# [Required work]
Pictures aside, print all of the data below exactly as written.

# [Data excerpt]
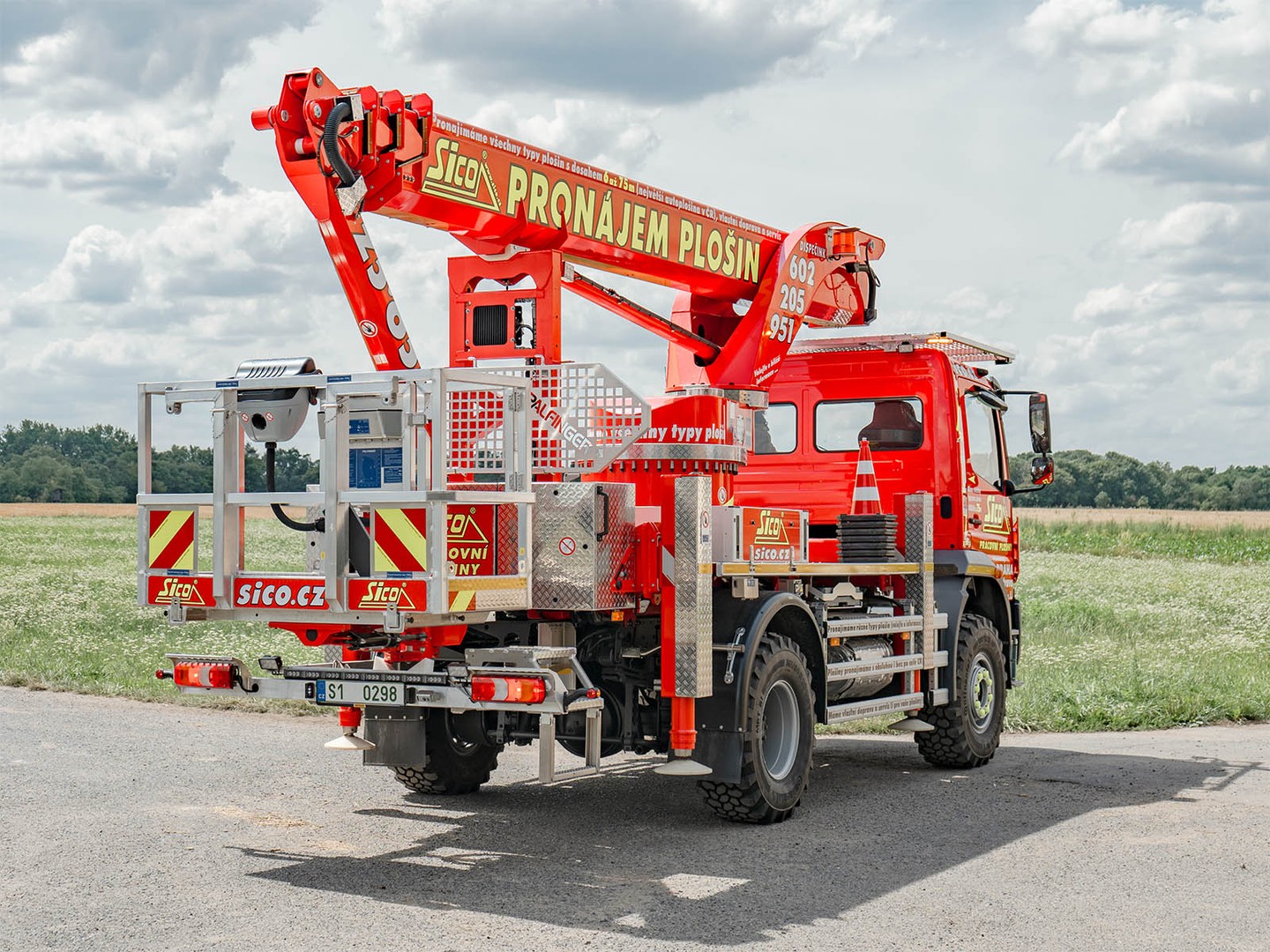 Kompaktní rozměry, perfektní manévrovatelnost a k tomu vysoká průchodnost terénem. Max. pracovní výška 30 m a stranový dosah až 20,5 m
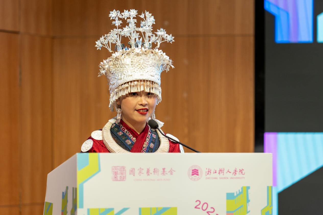 李鲁回顾了浙江树人学院从1984年创办以来的历史沿革,介绍了学校探索出了一条民办高校高品质办学的新路子。他指出,《苗绣艺术创新设计人才培训》项目是“要把包括苗绣在内的民族传统文化传承好、发展好”主旨精神的深入践行,是为苗绣艺术的传承创新做出新贡献、集聚新力量的设计服务的具体行动,将艺术融入乡村振兴,让设计助力共同富裕,让传承弘扬中华文化。
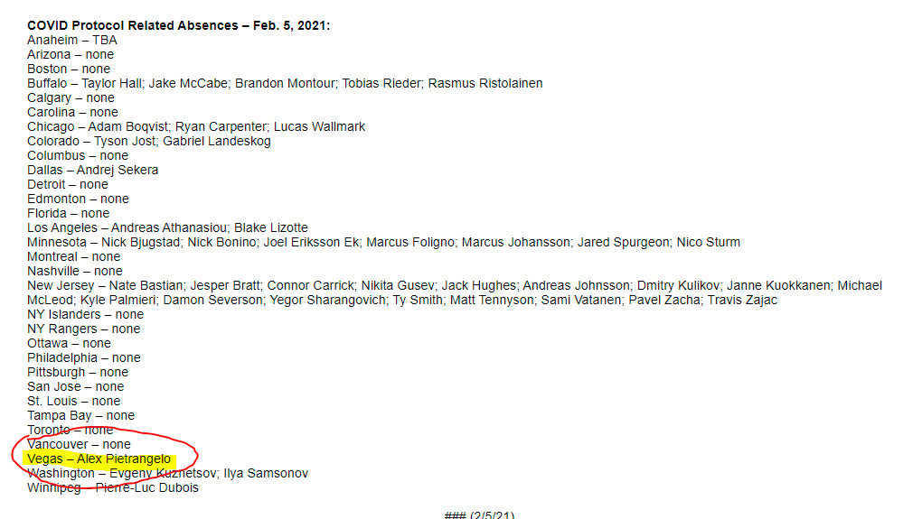 Here’s today’s NHL COVID list:
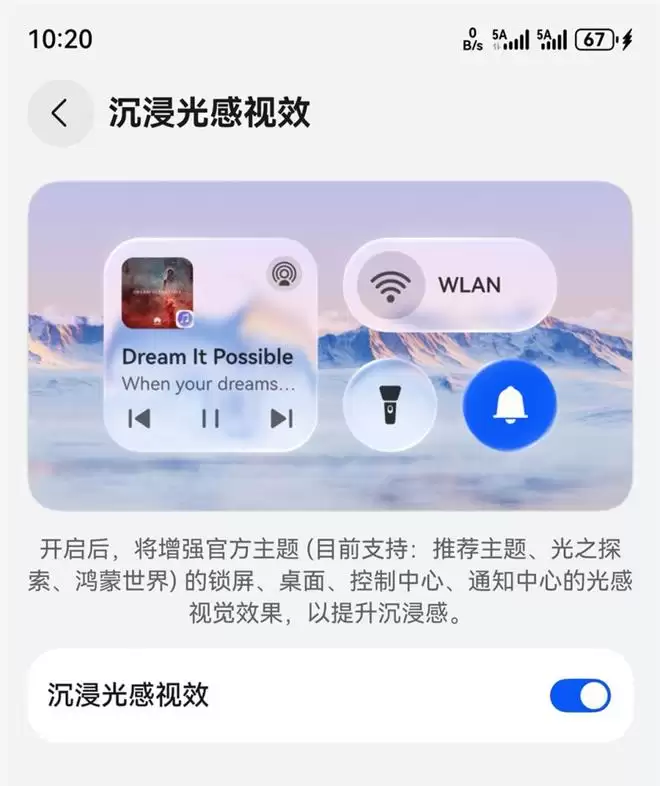 然后沉浸光感视效并不是主题,是仅在最新主题下生效,因为立体图标包就那一套,并且第三方主题的锁屏、耳机弹窗等界面样式不一。

# [Output below]
 Kompaktní rozměry, perfektní manévrovatelnost a k tomu vysoká průchodnost terénem. Max. pracovní výška 30 m a stranový dosah až 20,5 m
 李鲁回顾了浙江树人学院从1984年创办以来的历史沿革,介绍了学校探索出了一条民办高校高品质办学的新路子。他指出,《苗绣艺术创新设计人才培训》项目是“要把包括苗绣在内的民族传统文化传承好、发展好”主旨精神的深入践行,是为苗绣艺术的传承创新做出新贡献、集聚新力量的设计服务的具体行动,将艺术融入乡村振兴,让设计助力共同富裕,让传承弘扬中华文化。
 Here’s today’s NHL COVID list:
 然后沉浸光感视效并不是主题,是仅在最新主题下生效,因为立体图标包就那一套,并且第三方主题的锁屏、耳机弹窗等界面样式不一。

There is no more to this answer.